Locale Immutability¶
The locale is set once during CentralUnit initialization and never changes afterwards. To enforce this invariant, i18n.set_locale() raises RuntimeError on any subsequent call. This guarantees that translations resolved at init time remain correct for the entire process lifetime.
A _reset_locale_for_testing() internal function allows tests to bypass the lock.
Integration Points¶
- Device/Channel/DataPoint translation properties: Consumers (e.g., Home Assistant integration, configuration UIs) access
device.model_description,channel.type_translation, ordata_point.translationfor human-readable names without calling translation functions directly. - aiohomematic-config: The
LabelResolverusesget_parameter_translation()andget_parameter_value_translation()to generate form labels for the configuration UI. - ConfigurationCoordinator:
ConfigurableChannelcan be enriched with labels viaget_channel_type_translation(). - Diagnostic logging: Device and channel descriptions can use translated names for more readable log output.
Risks and Mitigations¶
| Risk | Likelihood | Impact | Mitigation |
|---|---|---|---|
| OCCU format changes | Low | Medium | Regex-based parser is tolerant; CI can detect regressions |
| Missing translations | Medium | Low | 248 unresolved refs from newer devices; fallback to raw IDs |
| Stale checked-in files | Medium | Low | Re-run script periodically; CI can diff against OCCU |
| Encoding surprises | Low | Low | UTF-8 -> ISO-8859-1 fallback covers known variants |
| Large file size in repo | Low | Low | ~500KB total for 8 files; static data, low churn |
Deferred Work¶
Automatic Regeneration in CI¶
A CI step could compare the checked-in JSON files against the current OCCU submodule and fail if they diverge. This would ensure translations stay up-to-date without manual intervention. Deferred because the initial use case is manual regeneration when adding support for new device types.
Additional Languages¶
The OCCU repository currently provides de and en translations. Additional languages (if available in future OCCU releases) can be added by extending the _LOCALES tuple in both the script and loader.
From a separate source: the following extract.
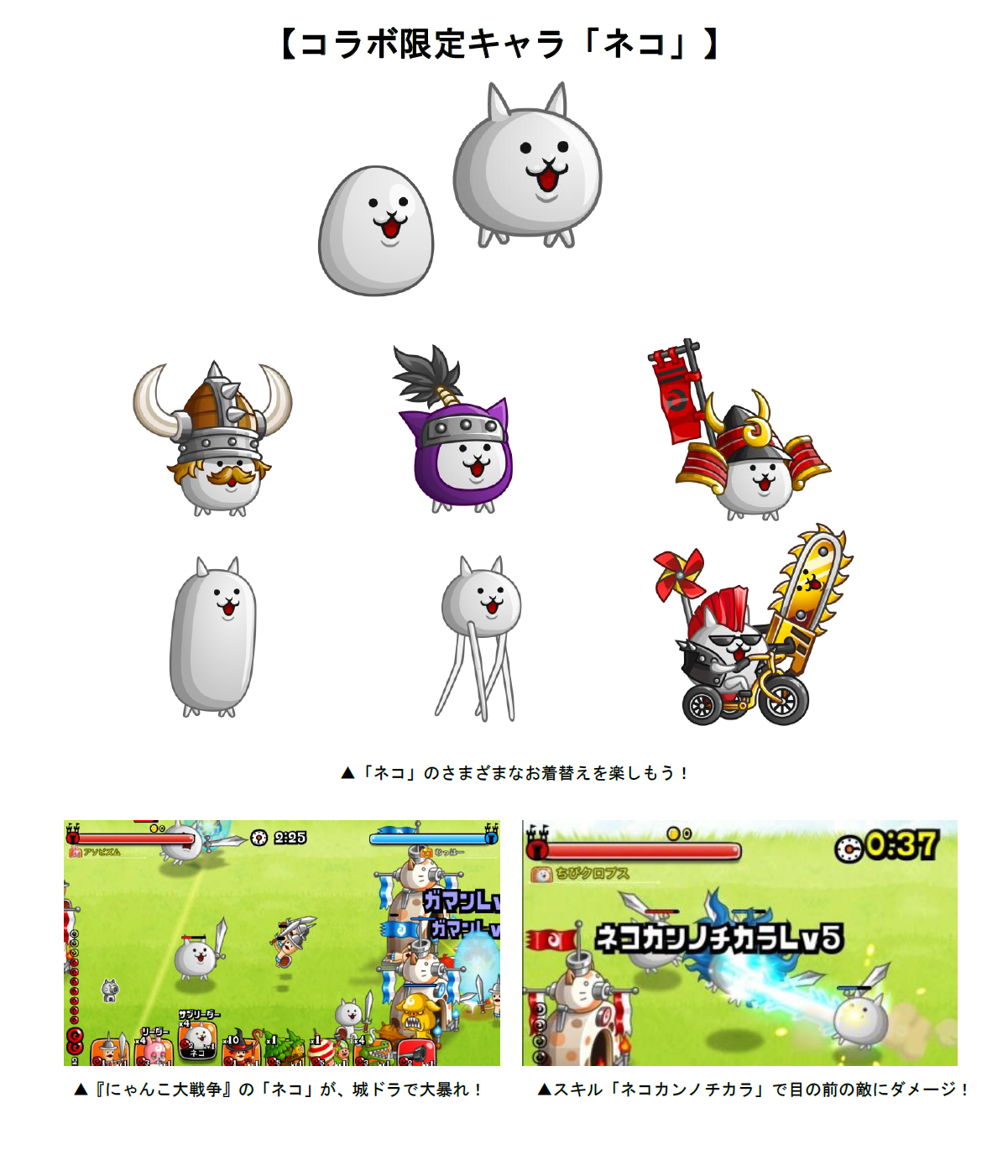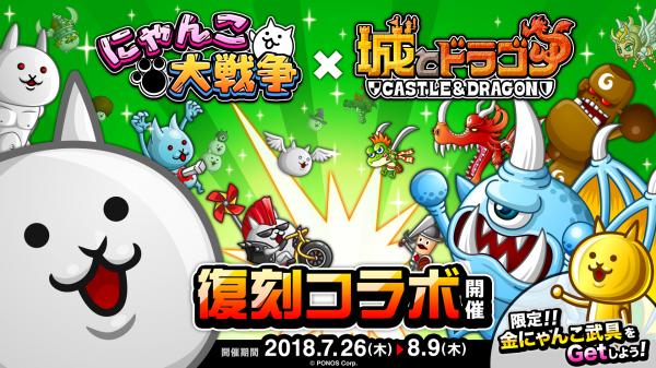 株式会社アソビズム(本社:東京都千代田区、代表取締役:大手智之)は、App Store・Google Playにて好評配信中の『城とドラゴン』で、ポノス株式会社(本社:京都府京都市、代表取締役:辻子依旦)の『にゃんこ大戦争』との復刻コラボイベントを2018年7月26日(木)より開催いたします。期間中、『にゃんこ大戦争』でのミッションをクリアすると、新たなコラボ限定剣士武具セットがもらえるキャンペーンを開催!また、『にゃんこ軍団』が城に攻めてくる襲来イベントや、コラボキャラ『ネコ』の限定お着替えが手に入るバトルキャンペーン、『にゃんこ大戦争』のキャラが登場する討伐イベントなど、期間中しか遊べないイベントが盛りだくさん!期間限定の夢のコラボをどうぞお楽しみください!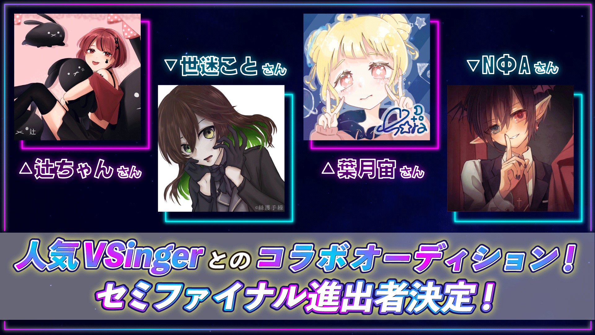 オーディション合格者2名には、合格者の希望に沿ったキャラクターを竹花ノート先生が描き下ろし、さらに有名VSinger達とのコラボレーション楽曲で世界配信デビューを特典としてご用意しています。そのほかにもMV制作など豪華特典が盛りだくさん。大注目の大型新人発掘オーディションです。

Unresolved Template References¶
Approximately 248 template references remain unresolved because they point to translation keys defined in JS files outside the six core files parsed by the script (e.g., translate.lang.extension.js, translate.lang.js). These are predominantly for advanced features (rules, programs, system settings) that are not relevant for device configuration. Coverage can be extended by adding more source files if needed.
Alternatives Considered¶
1. Runtime HTTP Fetch from CCU¶
Query the CCU's JS files at runtime during central initialization. Rejected because:
- Adds startup latency (12+ HTTP requests per locale)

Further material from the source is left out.